= GOAL OF THE EXERCISE =
Transcribe the whole listing without a single picture.

= INPUT DATA =

——

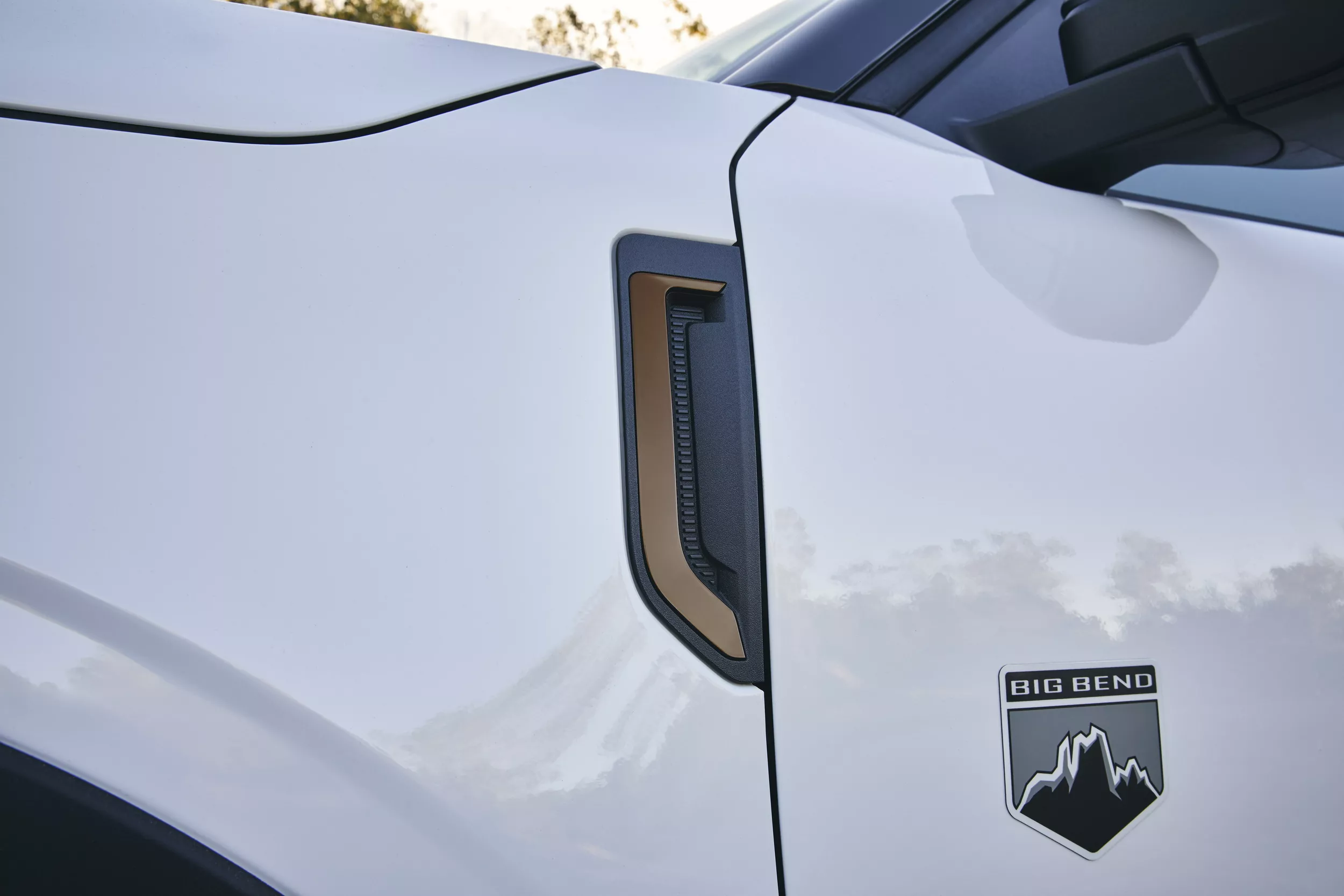 تُقدَّم Bronze Appearance Package على فئتي Big Bend و Badlands، وتتميز بعجلات معدنية قياس 17 بوصة مطلية بلون Sinister Bronze، يمكن تزويدها بإطارات مخصصة للطرق الوعرة. كما يظهر اللون البرونزي على شعار Bronco الأمامي والخلفي، مع خطوط سوداء فاخرة من Ebony Black تضيف طابعاً أكثر جرأة وأناقة.
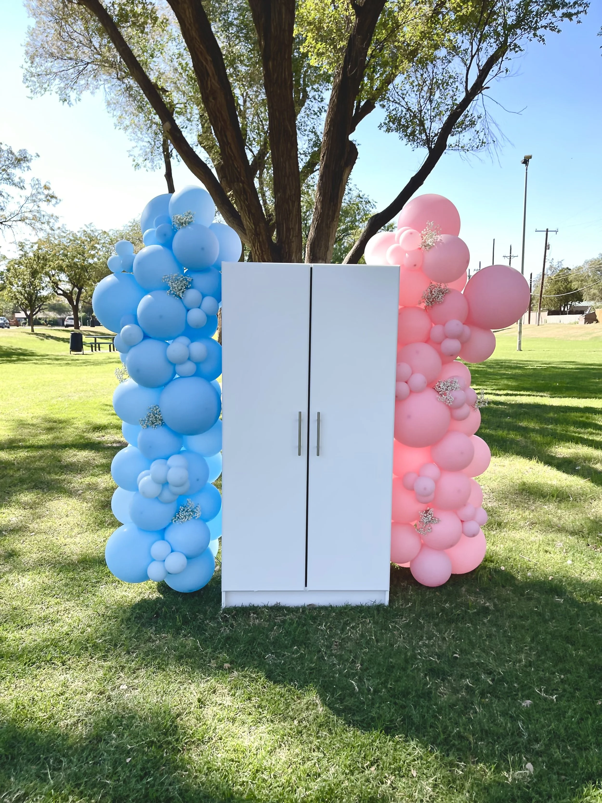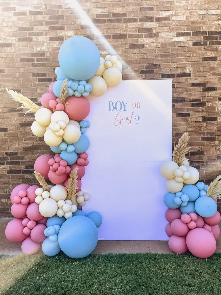 Gender reveal setup with pink, blue, and beige balloons against a brick wall, featuring a sign that says "Boy or Girl?" and pampas grass accents.
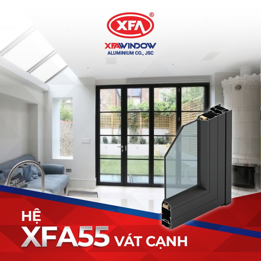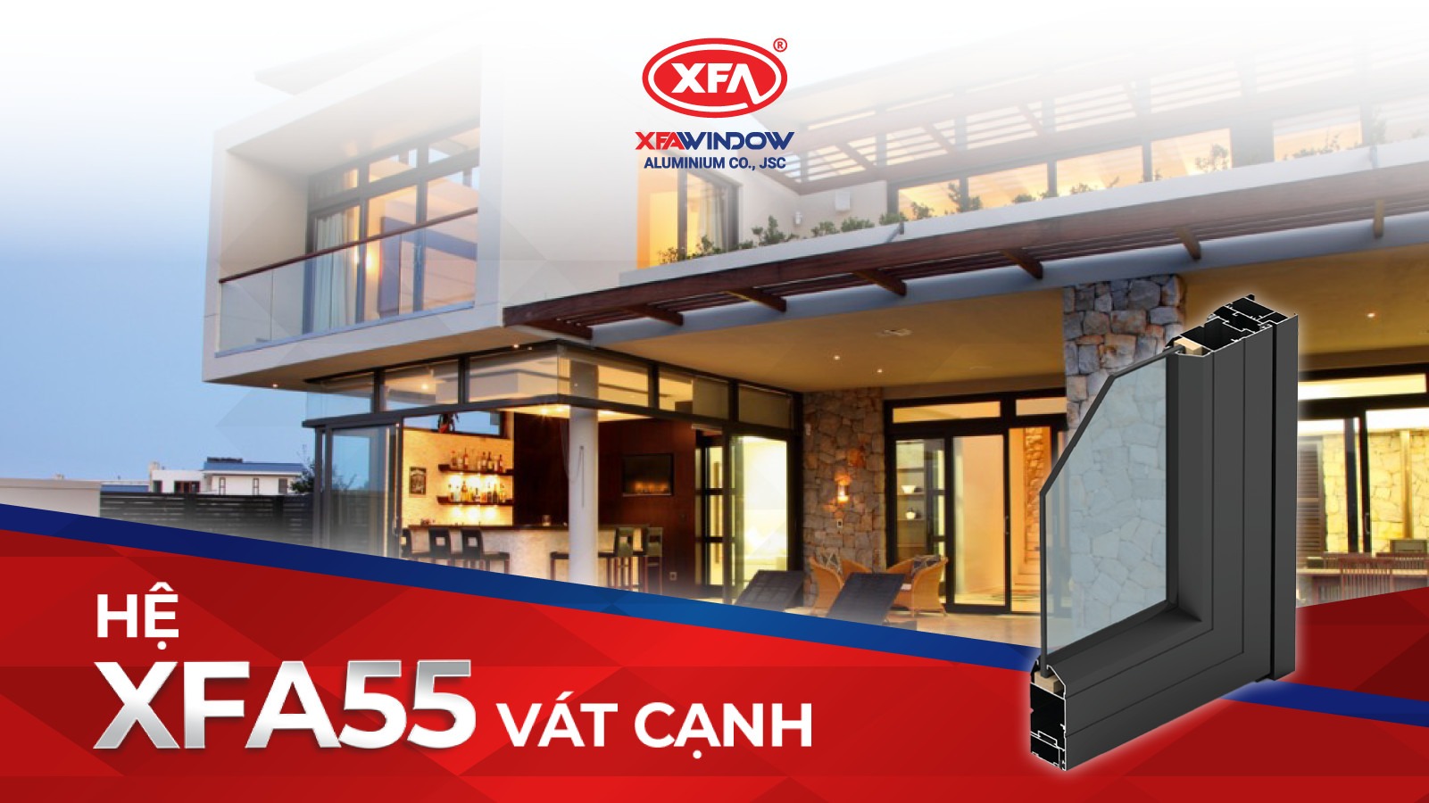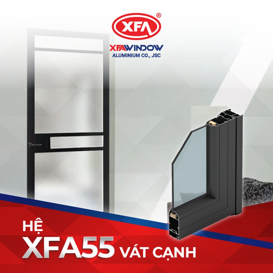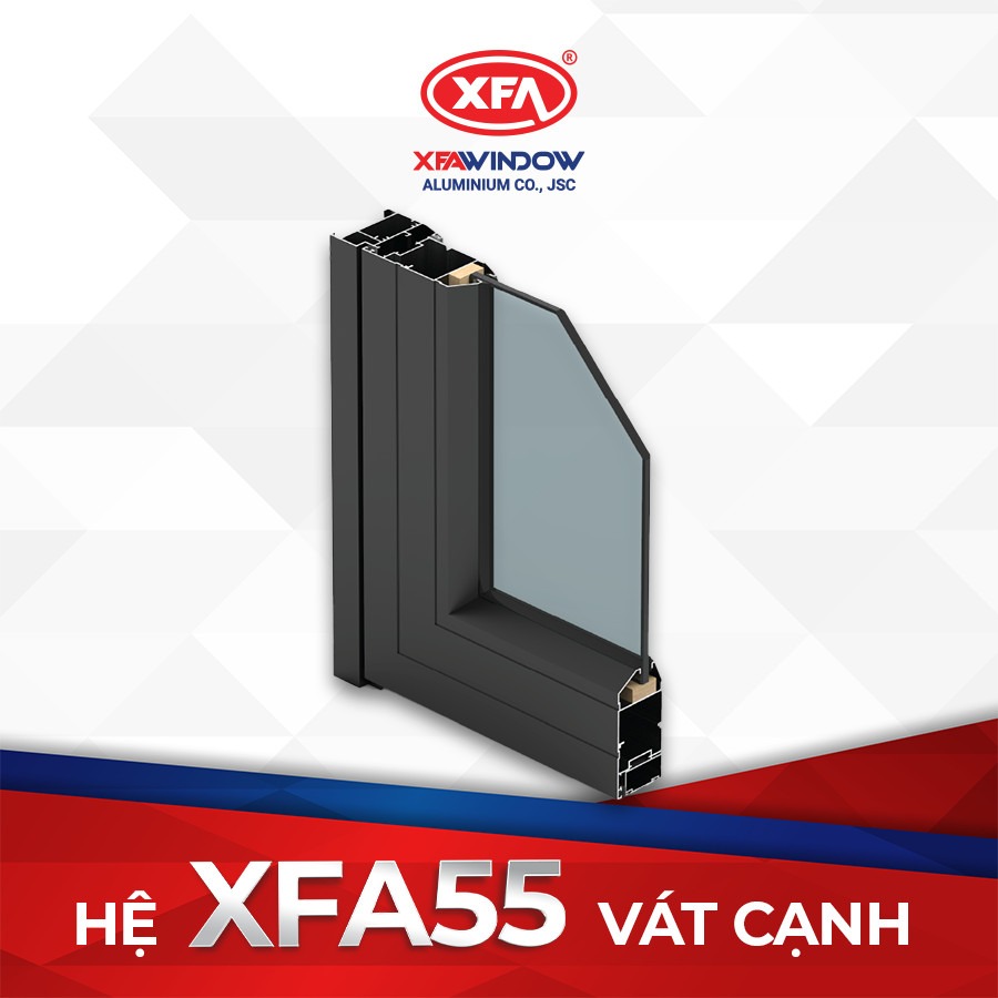 Nhôm hệ vát cạnh XFA 55 là một dòng sản phẩm nhôm phổ biến, được biết đến với kích thước thanh profile bản rộng 55 mm và thanh cánh cửa nhôm xingfa được thiết kế liền sập, vát cạnh. Điều này tạo nên cấu trúc hộp với độ dày từ 1.2 mm. Hệ nhôm XFA 55 vát cạnh được ứng dụng rộng rãi, từ cửa đi, cửa sổ mở quay, đến cửa trượt và vách kính, tuỳ thuộc vào nhu cầu sử dụng. Thanh nhôm xingfa có các đường vát cạnh tăng tính thẩm mỹ, hạn chế tối đa bụi bẩn và nước bám vào các khe cửa giúp dễ dàng vệ sinh. Vật liệu được sử dụng rộng khắp cho các công trình nhà dân dụng, cao ốc và văn phòng.

——

= RESPONSE =
 تُقدَّم Bronze Appearance Package على فئتي Big Bend و Badlands، وتتميز بعجلات معدنية قياس 17 بوصة مطلية بلون Sinister Bronze، يمكن تزويدها بإطارات مخصصة للطرق الوعرة. كما يظهر اللون البرونزي على شعار Bronco الأمامي والخلفي، مع خطوط سوداء فاخرة من Ebony Black تضيف طابعاً أكثر جرأة وأناقة.
 Gender reveal setup with pink, blue, and beige balloons against a brick wall, featuring a sign that says "Boy or Girl?" and pampas grass accents.
 Nhôm hệ vát cạnh XFA 55 là một dòng sản phẩm nhôm phổ biến, được biết đến với kích thước thanh profile bản rộng 55 mm và thanh cánh cửa nhôm xingfa được thiết kế liền sập, vát cạnh. Điều này tạo nên cấu trúc hộp với độ dày từ 1.2 mm. Hệ nhôm XFA 55 vát cạnh được ứng dụng rộng rãi, từ cửa đi, cửa sổ mở quay, đến cửa trượt và vách kính, tuỳ thuộc vào nhu cầu sử dụng. Thanh nhôm xingfa có các đường vát cạnh tăng tính thẩm mỹ, hạn chế tối đa bụi bẩn và nước bám vào các khe cửa giúp dễ dàng vệ sinh. Vật liệu được sử dụng rộng khắp cho các công trình nhà dân dụng, cao ốc và văn phòng.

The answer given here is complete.